Take the line that contains "Total l 12UHS-007" and each one after it through the last line below, and retype them exactly. Leave out the pictures.

(Data block Opens)

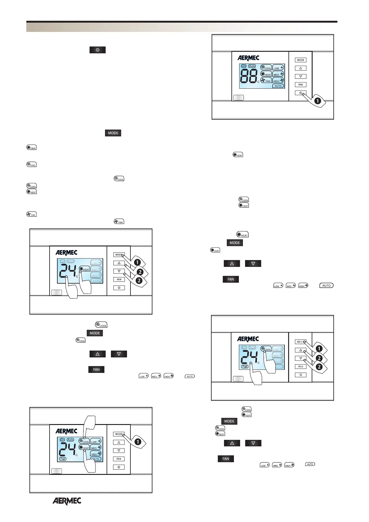 FAN - Der Gebläsekonvektor wird in der Betriebsart “Nur Lüftung”, d.h. auch wenn Heizkessel, Wärpumpe und Chiller ausgeschaltet sind.
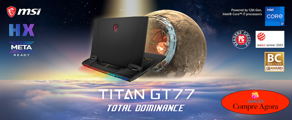 Início>Informática>Notebooks>Gaming Laptop>MSI 17.3" GT77 Titan Gaming Laptop l 16 Cores CPU l Meta Universe Ready l Cooler Booster Titan l 1.5-4.8 GHz Intel Core i7-12800 HX (12th Gen) l 32 GB DDR5 RAM | 1 TB NVMe SSD Gen4x4 l 17.3" 4K 3840 x 2160 120 Hz Display l NVIDIA GeForce RTX 3080 Ti (16GB GDDR6) l Win11 Pro l Dominância Total l 12UHS-007
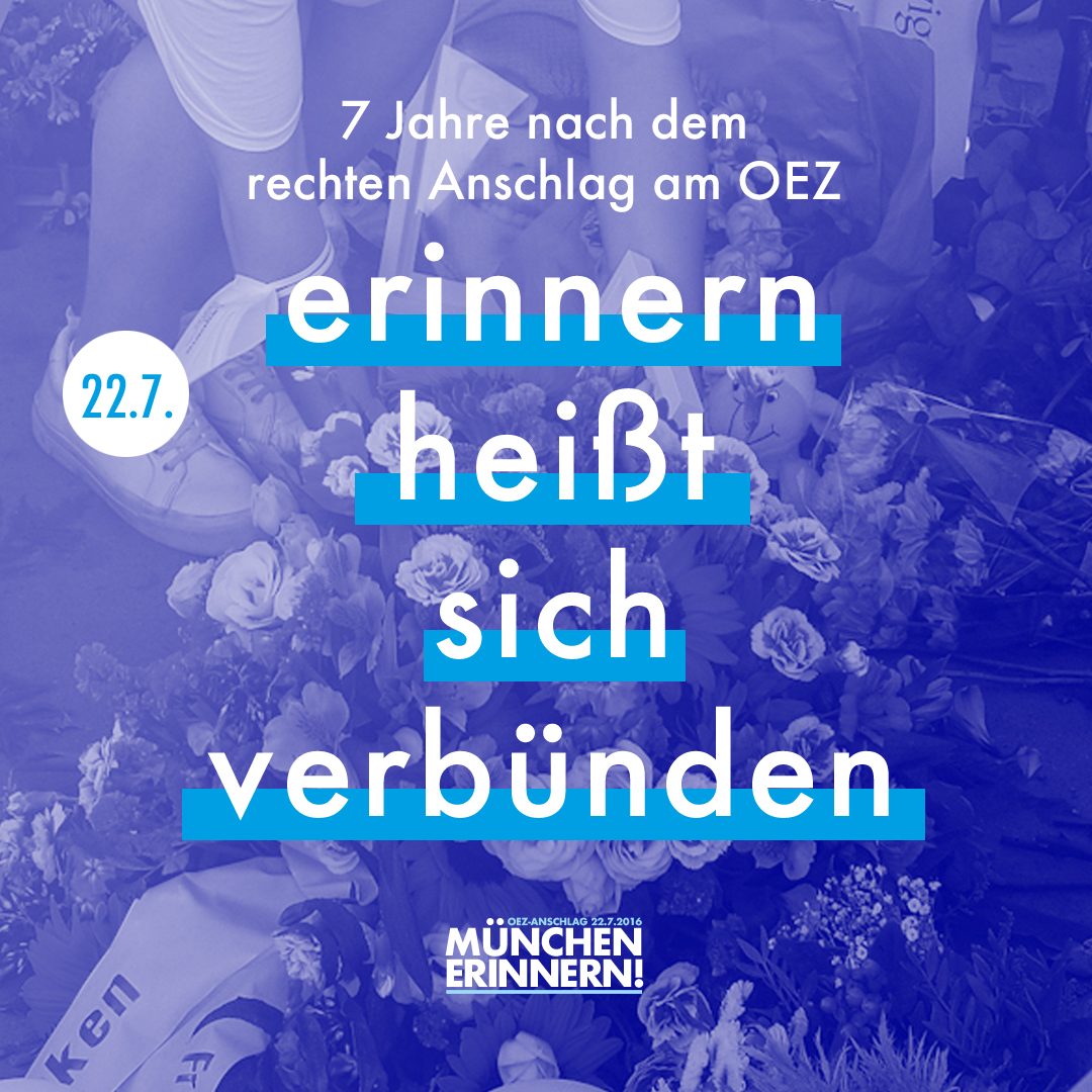 Am 22.7.2023 jährt sich der recht­ster­ror­is­tis­che und ras­sis­tis­che Anschlag am Olympia-Einkauf­szen­trum (OEZ) in München zum siebten Mal.

(Data block Closes)

→ Task answer
 Início>Informática>Notebooks>Gaming Laptop>MSI 17.3" GT77 Titan Gaming Laptop l 16 Cores CPU l Meta Universe Ready l Cooler Booster Titan l 1.5-4.8 GHz Intel Core i7-12800 HX (12th Gen) l 32 GB DDR5 RAM | 1 TB NVMe SSD Gen4x4 l 17.3" 4K 3840 x 2160 120 Hz Display l NVIDIA GeForce RTX 3080 Ti (16GB GDDR6) l Win11 Pro l Dominância Total l 12UHS-007
 Am 22.7.2023 jährt sich der recht­ster­ror­is­tis­che und ras­sis­tis­che Anschlag am Olympia-Einkauf­szen­trum (OEZ) in München zum siebten Mal.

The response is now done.